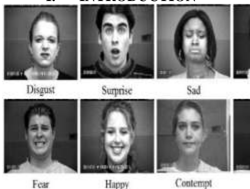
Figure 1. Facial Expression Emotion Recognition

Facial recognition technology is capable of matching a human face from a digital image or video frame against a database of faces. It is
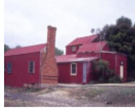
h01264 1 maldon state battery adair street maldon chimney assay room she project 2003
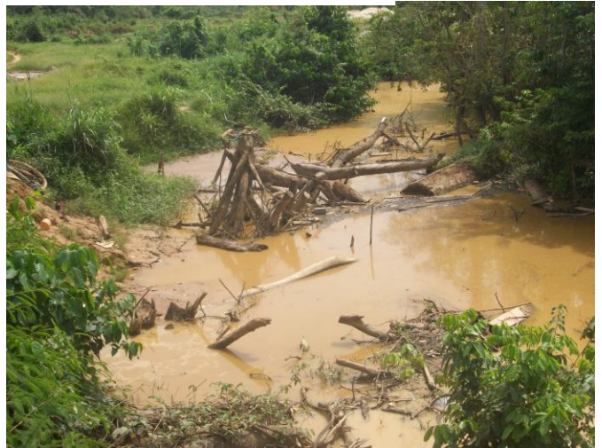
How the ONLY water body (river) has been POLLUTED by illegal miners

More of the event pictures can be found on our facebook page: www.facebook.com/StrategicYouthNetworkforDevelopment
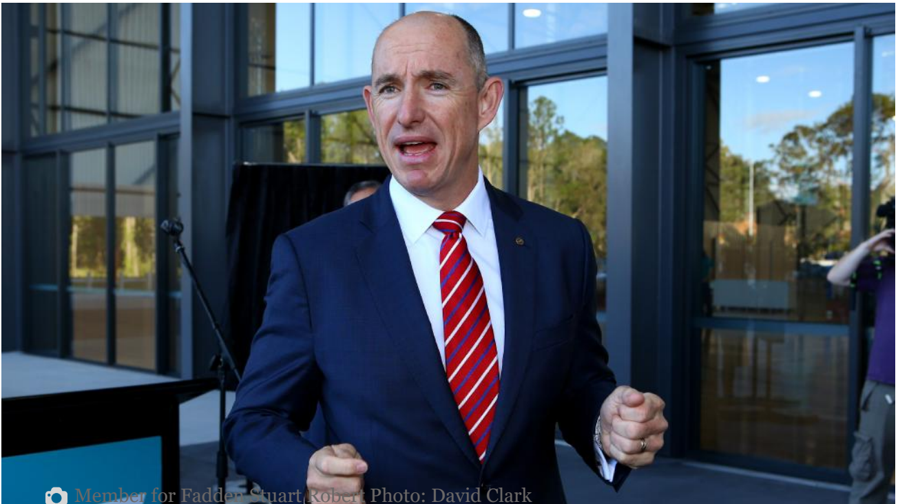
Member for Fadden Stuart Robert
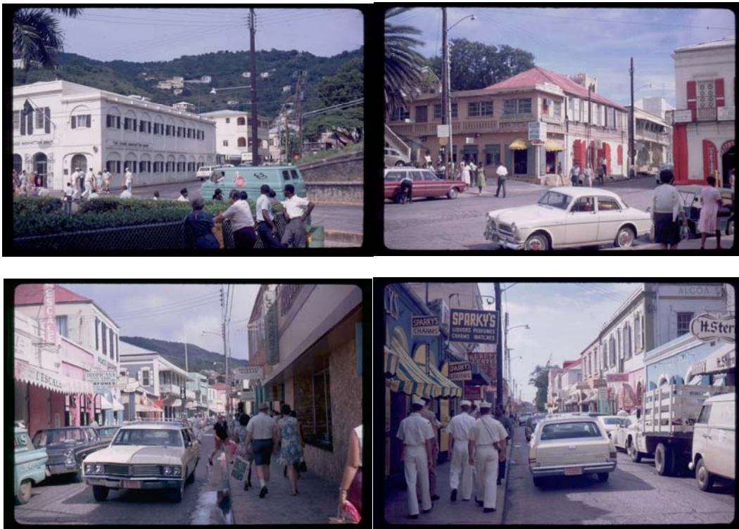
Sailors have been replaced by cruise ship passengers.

------------------------------------------------

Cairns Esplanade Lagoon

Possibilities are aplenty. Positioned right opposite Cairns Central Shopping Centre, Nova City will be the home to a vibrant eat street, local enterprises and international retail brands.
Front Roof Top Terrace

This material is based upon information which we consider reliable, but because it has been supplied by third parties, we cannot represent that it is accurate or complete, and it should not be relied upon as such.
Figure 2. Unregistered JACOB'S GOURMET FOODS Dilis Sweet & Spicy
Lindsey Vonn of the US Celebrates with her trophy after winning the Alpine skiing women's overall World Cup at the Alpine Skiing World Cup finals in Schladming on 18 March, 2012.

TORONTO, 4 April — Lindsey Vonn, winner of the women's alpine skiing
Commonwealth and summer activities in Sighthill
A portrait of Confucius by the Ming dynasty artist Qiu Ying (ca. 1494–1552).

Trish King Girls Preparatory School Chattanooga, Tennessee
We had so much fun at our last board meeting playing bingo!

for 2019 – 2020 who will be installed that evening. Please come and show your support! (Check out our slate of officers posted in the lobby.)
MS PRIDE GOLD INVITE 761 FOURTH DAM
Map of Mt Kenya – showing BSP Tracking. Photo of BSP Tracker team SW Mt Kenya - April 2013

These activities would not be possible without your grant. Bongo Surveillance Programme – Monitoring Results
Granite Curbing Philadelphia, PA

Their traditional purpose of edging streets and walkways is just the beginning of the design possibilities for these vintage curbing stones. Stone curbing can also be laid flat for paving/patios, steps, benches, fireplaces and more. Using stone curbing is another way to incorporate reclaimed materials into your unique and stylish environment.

------------------------------------------------

Problem to work on:
Look above for the line with "Figure 1. Facial" and copy exactly from it through the line with "Sailors have been", both included. Omit the pictures.

Reply to the task:
Figure 1. Facial Expression Emotion Recognition

Facial recognition technology is capable of matching a human face from a digital image or video frame against a database of faces. It is
h01264 1 maldon state battery adair street maldon chimney assay room she project 2003
How the ONLY water body (river) has been POLLUTED by illegal miners

More of the event pictures can be found on our facebook page: www.facebook.com/StrategicYouthNetworkforDevelopment
Member for Fadden Stuart Robert
Sailors have been replaced by cruise ship passengers.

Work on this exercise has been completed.